* [Exercise data]
- - -
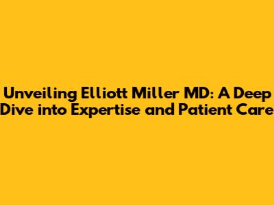 Unveiling Elliott Miller MD: A Deep Dive into Expertise and Patient Care
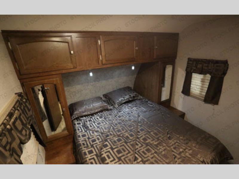 The private front bedroom features a comfy queen bed with nightstands and wardrobes on either side of the bed, plus overhead storage.
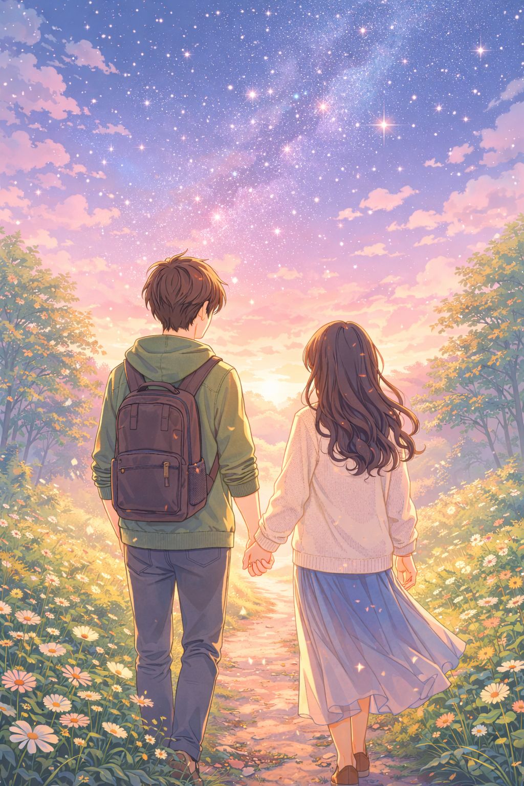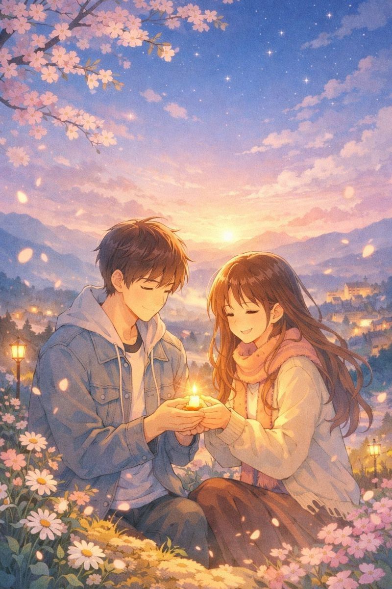 lyrics theme: shared sky, friendship and quiet love, walking together, warmth, small moments, unchanging bond, calm happiness, nostalgic, hopeful, and peaceful
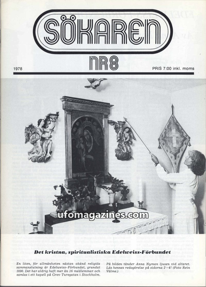 This issue of Sökaren (NR8, 1978) delves into the spiritualist Edelweiss-Förbundet, founded in 1890 and still active in Stockholm. It features an interview with parapsychologist Pr
- - -
* [What you should do]
Drop the images, then copy the data exactly.

* [Exercise solution]
 Unveiling Elliott Miller MD: A Deep Dive into Expertise and Patient Care
 The private front bedroom features a comfy queen bed with nightstands and wardrobes on either side of the bed, plus overhead storage.
 lyrics theme: shared sky, friendship and quiet love, walking together, warmth, small moments, unchanging bond, calm happiness, nostalgic, hopeful, and peaceful
 This issue of Sökaren (NR8, 1978) delves into the spiritualist Edelweiss-Förbundet, founded in 1890 and still active in Stockholm. It features an interview with parapsychologist Pr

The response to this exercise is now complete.